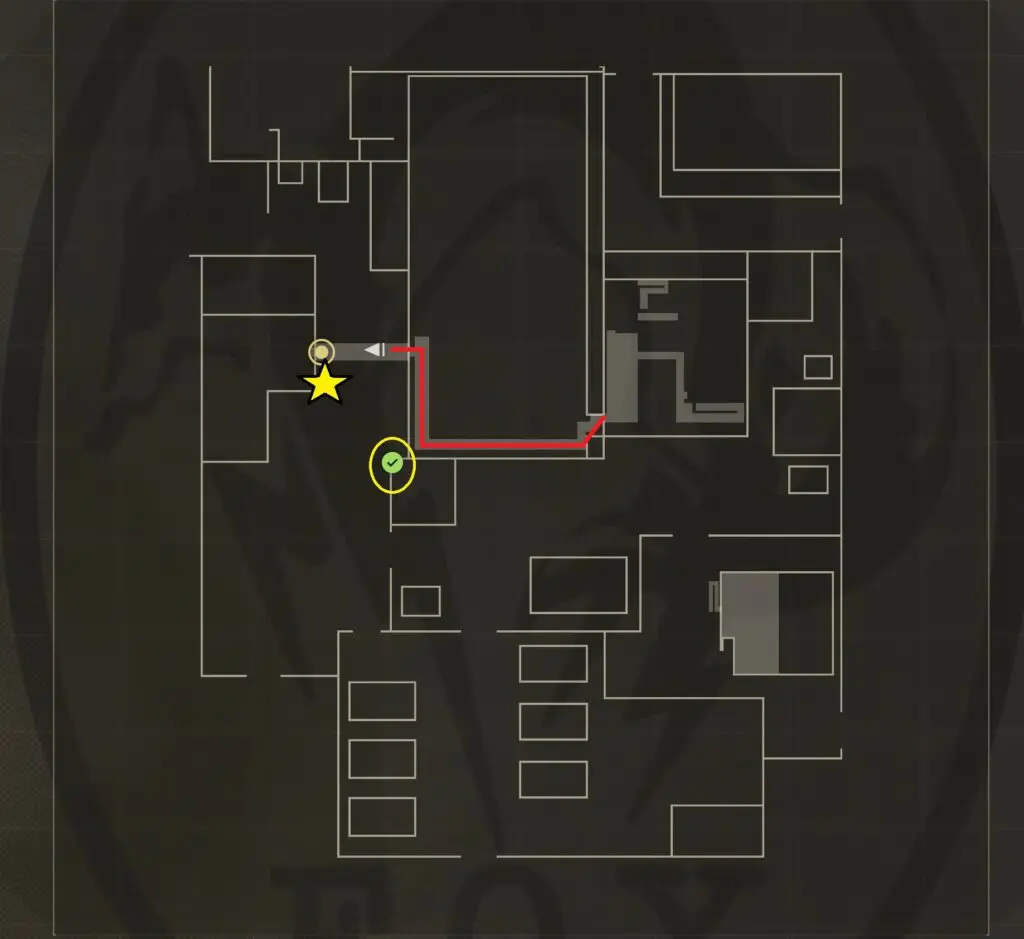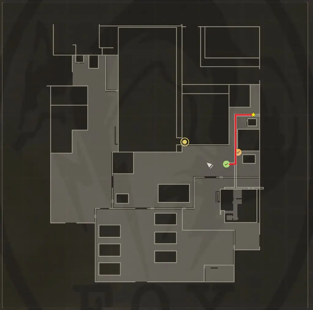 Go through the southwest door of the locker room and follow the corridor. Then, go through the door on your left to reach the Groznyj Grad Weapons Lab: West Wing Corridor. Follow the path as per the map below.
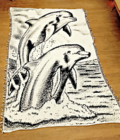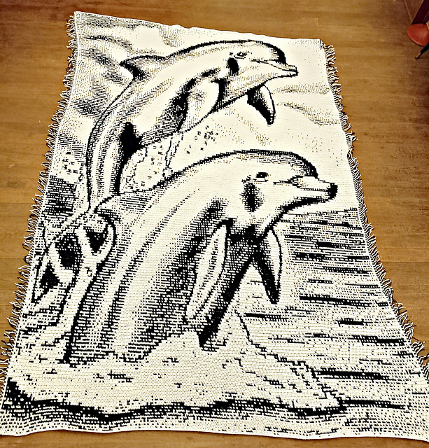 The amount of yarn used for this pattern without the border was: 3990 meters / 4350 yards (colour White) and 3458 meters / 3770 yards (colour Dark Blue)
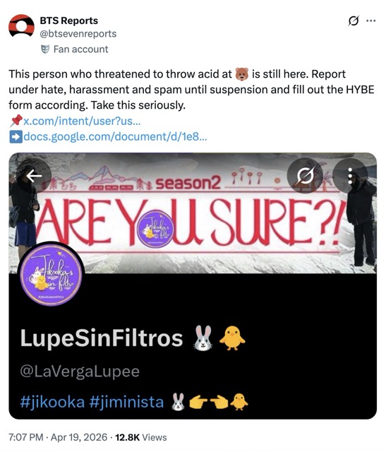 As soon as the news spread, ARMY began tagging official HYBE accounts in posts, urging the company to take the situation seriously and strengthen security measures for their artists. Fans also encouraged others to report the accounts allegedly behind these harmful plans. They have been collecting screenshots and evidence to submit through HYBE’s online reporting portal, protect.hybecorp.com, to flag the accounts and individuals involved.
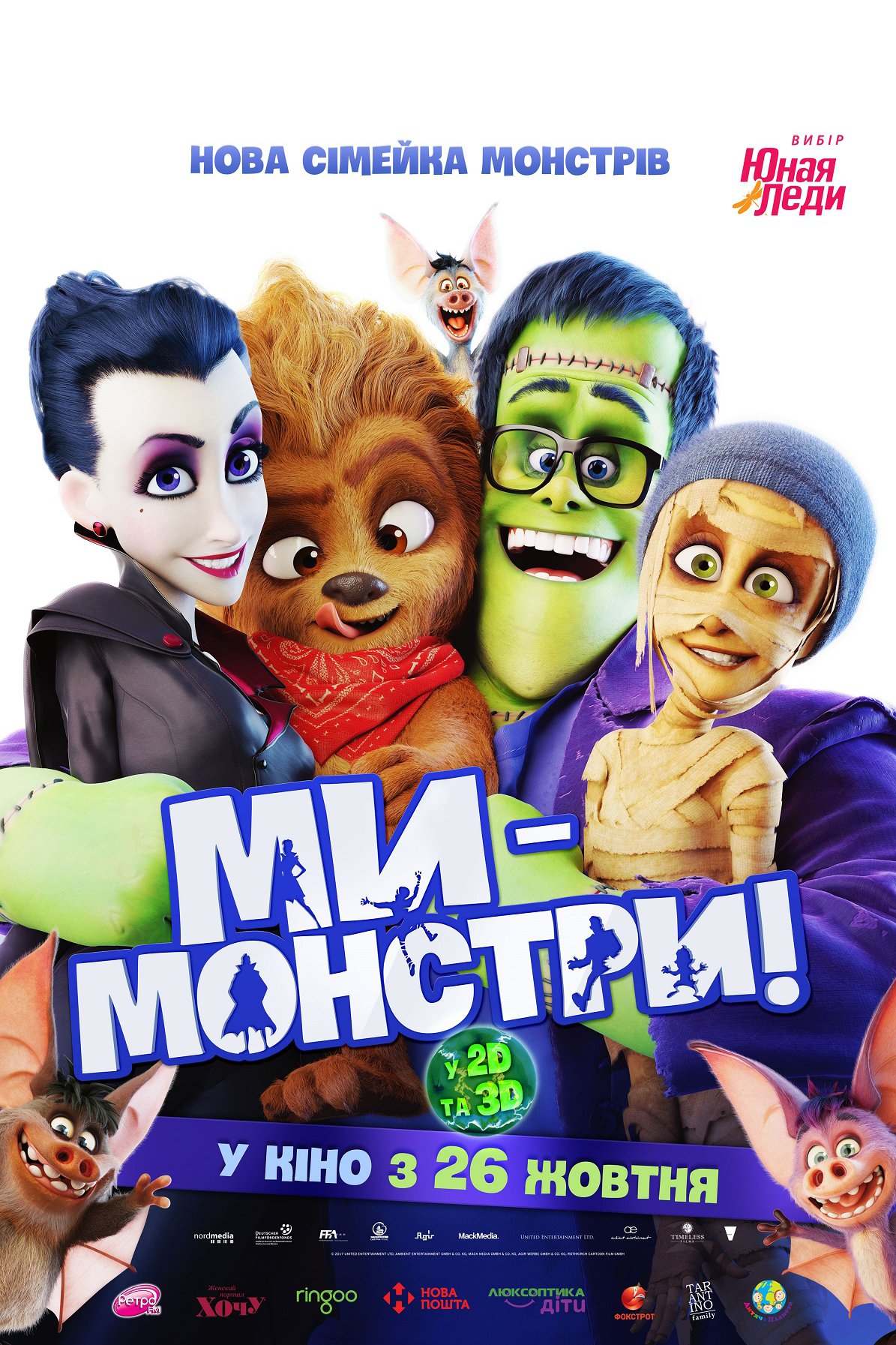 26 жовтня на екранах кінотеатрів з’явиться ще одна прем’єра, цього разу для юних глядачів – сімейна анімаційна комедійна стрічка «Ми – монстри» режисера Хольгера Таппе. Сценарій фільму написаний Давідом Сафером та Катаріною Джанк на основі роману-бестселлера Девіда Сафера «Ми – монстри» («Нарру Family»), опублікованого у 2011 році. Отож, жила собі, здавалося б, звичайна сім’я Вішбон, мама Емма (голос акторки Емілі Уотсон), тато Френк (голос Ніка Фроста), дочка Фей (голос Джессіки Браун Фіндлі) та син Макс (голос Етона Роуса), але були вони насправді дуже нещасливі: постійно сварилися та сперечалися. Для того щоб якось згуртувати усіх, мама Емма вирішує повести родину на маскарадну вечірку до тематичного парку. Але для цього їм усім знадобляться відповідні костюми монстрів. Вирішено, мама одягнеться вампіром, тато – Франкенштейном, Фей буде мумією, а Макс – вовкулакою. І осі такі-сякі костюми готові, а святкового настрою немає. В такому не найкращому вигляді і в поганому гуморі сім’я вирушає на святкування. Саме тоді трапляється дещо неймовірне: в результаті невдалого розіграшу з лялькою, вона раптово стає злою чаклункою, яка перетворює кожного з них на справжнього монстра. Тепер це вже не костюми та маски – мама стала вампіром, тато велетенським Франкенштейном, Фей перетворилася на єгипетську мумію, а Макс на кумедного вовкулаку. Тепер вони повинні відкинути усі свої суперечки та об’єднатися разом у боротьбі проти монстрів реального світу, зміни своє мислення та ставлення до усього, щоб довести, що навіть вампір, мумія, перевертень та Франкенштейн можуть в решті решт стати однією великою та щасливою сім’єю. Чи вдасться Вішбонам зроби це?
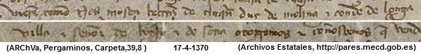 , año 1431, imposible (podría ser 'era 1409' por la coincidencia de Cortes y el error en la titulación, ya que Claquín no fue Duque de Longavilla sino Conde, dándose este error también en la confirmación precedente); y confunde Borja con Vejar.
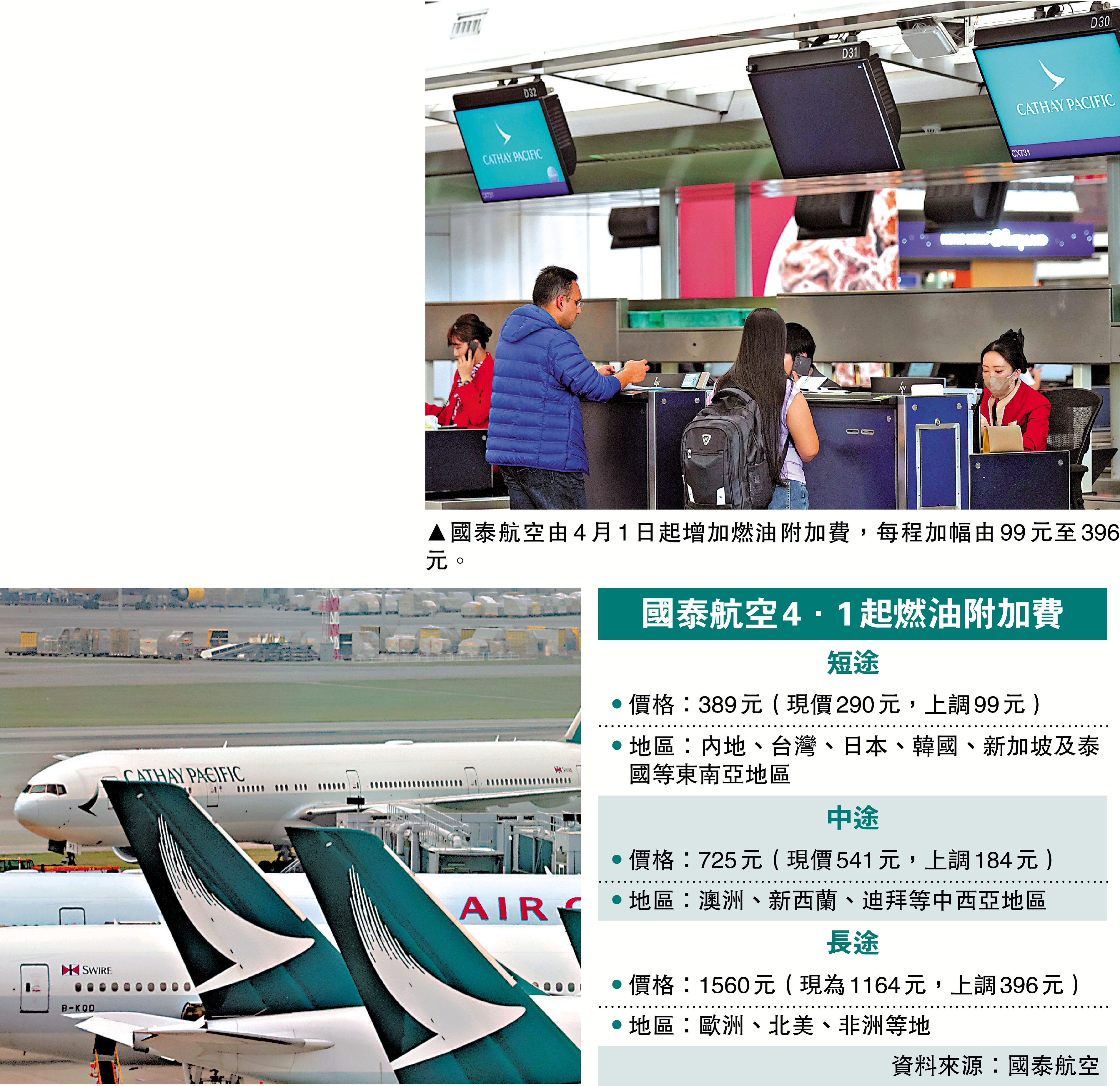 復活節假期乘坐飛機出外旅遊的費用又增加,國泰航空昨日宣布,因應中東局勢持續緊張,航空燃油價格顯著上升,由4月1日起,燃油附加費上調99元至396元不等,是該公司本月內第二次宣布上調燃油附加費。
--*--
Task to carry out: In the listing above, find the line containing "The amount of" and the line containing "As soon as the", then output those two lines and everything between them exactly as written, without the images.

Task response:
 The amount of yarn used for this pattern without the border was: 3990 meters / 4350 yards (colour White) and 3458 meters / 3770 yards (colour Dark Blue)
 As soon as the news spread, ARMY began tagging official HYBE accounts in posts, urging the company to take the situation seriously and strengthen security measures for their artists. Fans also encouraged others to report the accounts allegedly behind these harmful plans. They have been collecting screenshots and evidence to submit through HYBE’s online reporting portal, protect.hybecorp.com, to flag the accounts and individuals involved.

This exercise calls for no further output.